Verbot aller Neonazi-Gruppen

NPD-Verbot – eine Alibi-Diskussion?

Die Attentate haben Bund und Länder unter Druck gesetzt: Die üblichen Worte des Bedauerns sollen durch eine Maßnahme ergänzt werden, die weltweit als Beweis für den "Kampf" der Regierenden gegen die Neonazis herhalten kann. Und so reden die Chefs der etablierten Parteien – über 30 Jahre nach deren Gründung – plötzlich über ein Verbot der "Nationaldemokratischen Partei Deutschlands", der NPD.

Nach dem ersten Beifall in Teilen der Öffentlichkeit begann eine Debatte, die um zwei Fragen kreiste: Wäre solch ein Verbot wirklich wirksam? Und: Ist es überhaupt juristisch einwandfrei erreichbar?

Sicher: ein NPD-Verbot wäre nicht das Ende des Neonazismus. Verstärkte öffentliche Aufarbeitung ist angesagt. Und es müssen Rahmenbedingungen her, die jungen Leuten wieder eine Perspektive bieten. Aber wie kann das klappen, wenn Unternehmer und Politiker zur selben Zeit die Reste des Erhard‘schen "Sozialstaats" nicht schnell genug beseitigen können?

Zudem: die NPD ist nur eine von vielen Neonazi-Gruppen – und die parlamentarisch erfolgloseste. DVU und Reps hingegen sitzen in mehreren Parlamenten (u.a. im Landtag von Sachsen-Anhalt). Aber von denen ist keine Rede. Will man den räudigsten Wolf erledigen und das Rudel weiterziehen lassen?

Also: erst ein Verbot von NPD und DVU und Reps würde die organisatorischen Strukturen der Neonazis empfindlich treffen. Ohne Büros und Schulungsstätten, vor allem aber ohne die Millionen auf den Konten (zum großen Teil aus der Erstattung von Wahlkampfkosten stammend) würden den neuen Nazi-Führern die Beine unter dem Hintern weggezogen. Warum zögert man?

An dieser Stelle melden sich die Taktierer zu Wort, die juristischen Feingeister, die bei der Frage nach der Uhrzeit erst einmal nachschlagen, ob sie darauf überhaupt antworten dürfen. Wenn, warnen sie, die NPD vor dem Bundesverfassungsgericht obsiegen würde – wie lächerlich stünde der "demokratische Rechtsstaat" da? Welchen Triumph würden die Nazis dann feiern! Welchen Zulauf erwarten! Nein, sagen sie, dann lieber gar nicht erst nach Karlsruhe gehen ...

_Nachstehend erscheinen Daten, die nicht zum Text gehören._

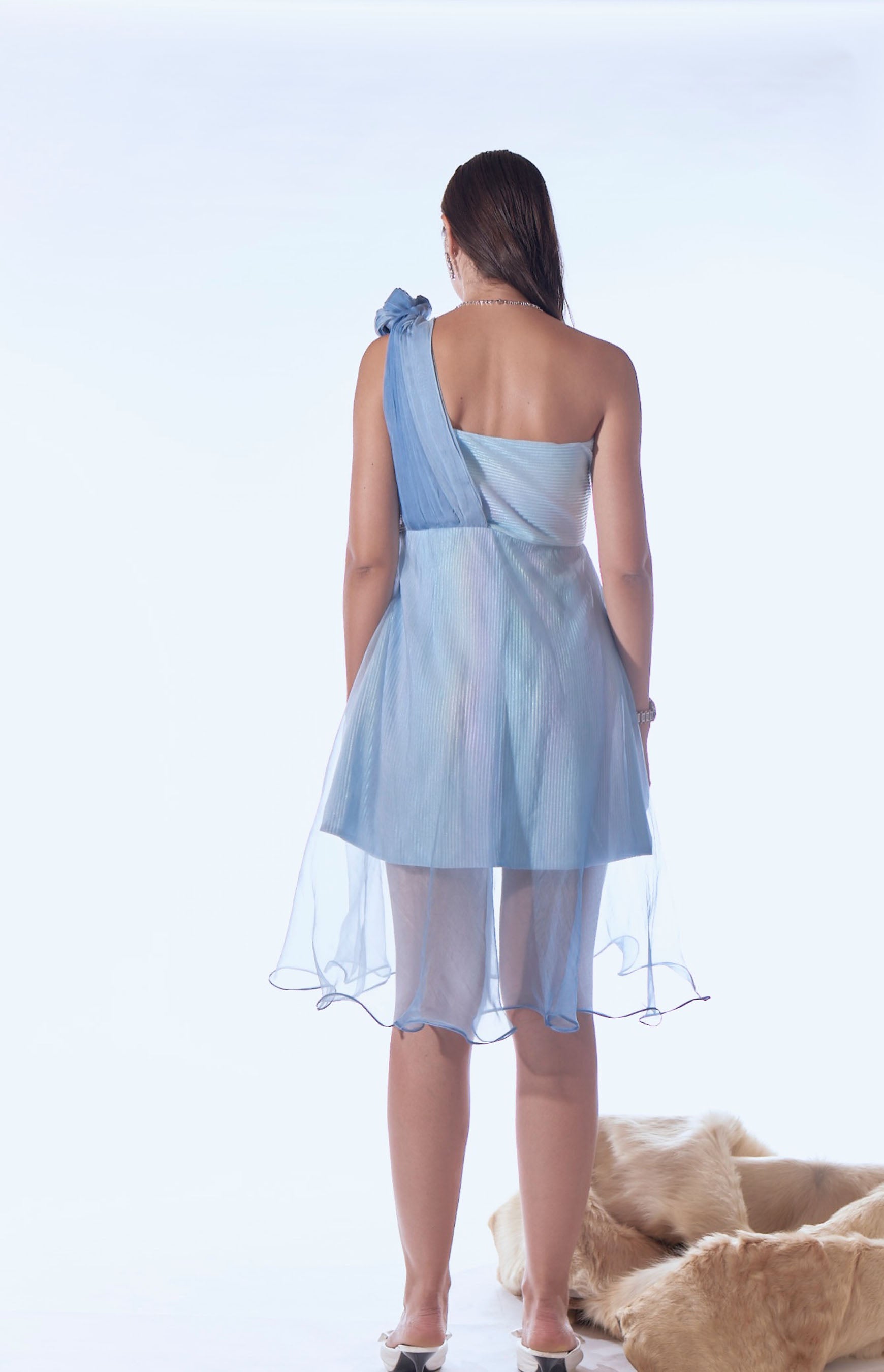 The aqua blue color and flowy silhouette gives a sense of lightness and freedom; while the gathered fabric enhanced with hand embroidered butterfly adds a touch of delicacy and elegance.

Ins Grundgesetz haben diese Leute nicht geguckt. Nach Artikel 139 sind noch alle Vorschriften in Kraft, die nach 1945 von den Alliierten zum Verbot nazistischer und militaristischer (!) Organisationen samt ihren Ersatzgruppierungen erlassen wurden. Im Klartext: die Innenminister sind gefordert. Sie können die braunen Parteien als Nachfolgeorganisationen der NSDAP auflösen, ohne erst in Karlsruhe zu prozessieren. Mit all den Materialien, die der Staatsschutz gesammelt haben müsste (und die jeder Surfer im Internet finden kann), dürften Beweise kein Problem sein. Oder geht es wie beim Verbot der FAP vor einigen Jahren wieder nur darum, sich ein demokratisches Alibi zu verschaffen? Die nächsten Monate werden es zeigen.